>>>

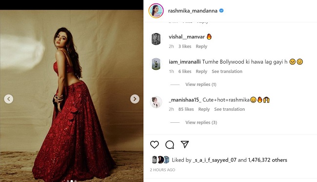 रश्मिका मंदाना ने तस्वीरें शेयर करते हुए लिखा है, 'धीरे-धीरे अब अपने बिजनेस की ओर चलना शुरू करिए।' रश्मिका मंदाना की तस्वीरें इंस्टाग्राम पर वायरल हो गई है। इसे 2 घंटे में 15 लाख से ज्यादा लाइक्स मिले हैं। वहीं तस्वीरों पर 11,000 से ज्यादा कमेंट किए गए हैं। कई लोगों ने तस्वीरों पर फैबुलस, सुपर, हॉट एंड सेक्सी, आपने तापमान बढ़ा दिया, आप की गर्मी से इंस्टा जल जाएगा, माई नेशनल क्रश, क्यूट प्लस हॉट इक्वल टू रश्मिका, चांद नजर आया, आपको बॉलीवुड की हवा लग गई है जैसे कमेंट किए हैं। रश्मिका मंदाना ने कुल 3 तस्वीरें शेयर की है। पहली तस्वीर में उनकी नजरें झुकी हुई है और वह हाथ पर हाथ रखकर पोज दे रही है। दूसरी तस्वीर वाइड है। इसमें वह झुककर पोज दे रही है। तीसरी तस्वीर में वह कैमरे की ओर देख रही है। उन्होंने अपने कमर पर हाथ रखा है और वह कातिल निगाहों से कैमरे की ओर देखती नजर आ रही है।
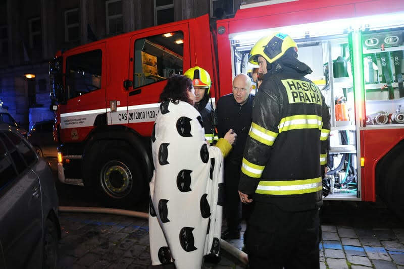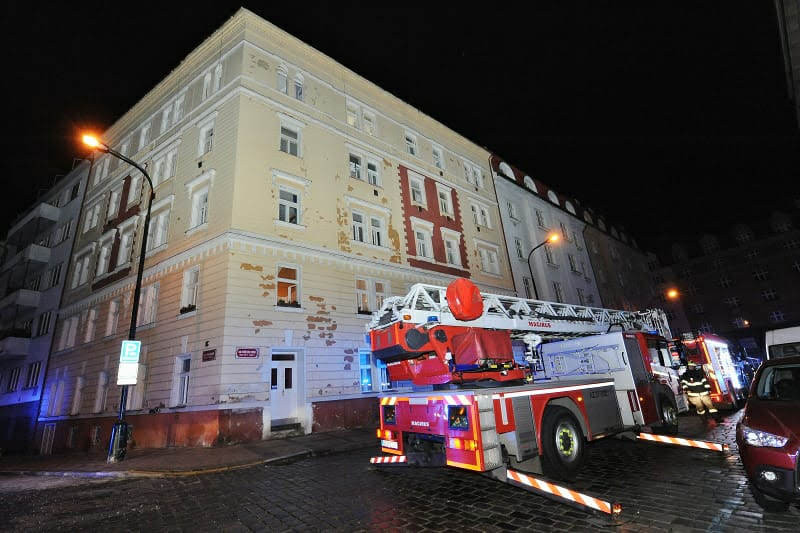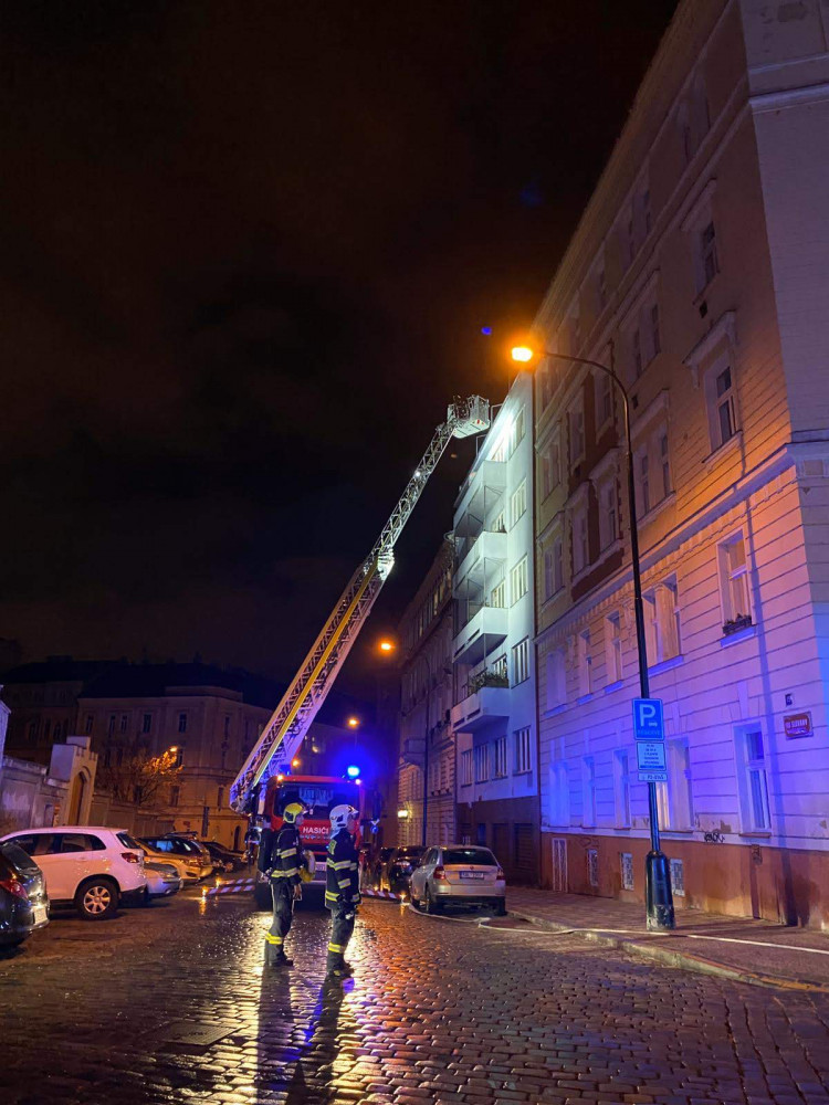 FOTO: Noční požár v Praze 2. Šest lidí skončilo v nemocnici, desítky byly evakuovány
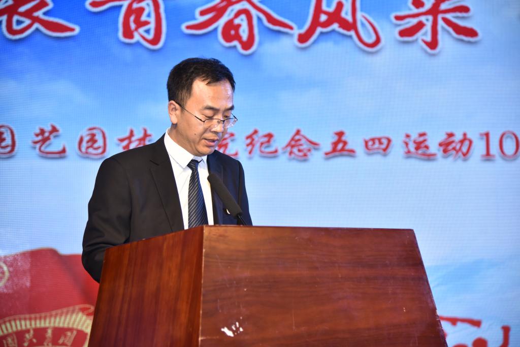 学院党委书记王豫龙首先致辞。他向此次受到学院表彰的集体和个人表示祝贺,向全院共青团员表示诚挚的节日问候,并号召青年学生继承弘扬“爱国、进步、民主、科学”的“五四”精神,牢固树立“一心一意听党话、坚定不移跟党走”的坚定信念,把个人的理想抱负与实现中华民族伟大复兴的中国梦相结合,在爱国、励志、求真、力行的生动实践中,当好新时代中国特色社会主义事业的合格建设者和可靠接班人。
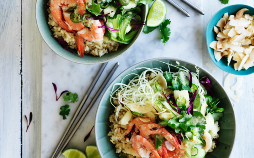 - Thinly sliced long green chilli, toasted coconut flakes and lime wedges, to serve

<<<

* Problem requirements *
Transcribe exactly the span of lines from the line holding "FOTO: Noční požár" through the last line above, both included. Pictures stay out.

* Completed exercise *
 FOTO: Noční požár v Praze 2. Šest lidí skončilo v nemocnici, desítky byly evakuovány
 学院党委书记王豫龙首先致辞。他向此次受到学院表彰的集体和个人表示祝贺,向全院共青团员表示诚挚的节日问候,并号召青年学生继承弘扬“爱国、进步、民主、科学”的“五四”精神,牢固树立“一心一意听党话、坚定不移跟党走”的坚定信念,把个人的理想抱负与实现中华民族伟大复兴的中国梦相结合,在爱国、励志、求真、力行的生动实践中,当好新时代中国特色社会主义事业的合格建设者和可靠接班人。
 - Thinly sliced long green chilli, toasted coconut flakes and lime wedges, to serve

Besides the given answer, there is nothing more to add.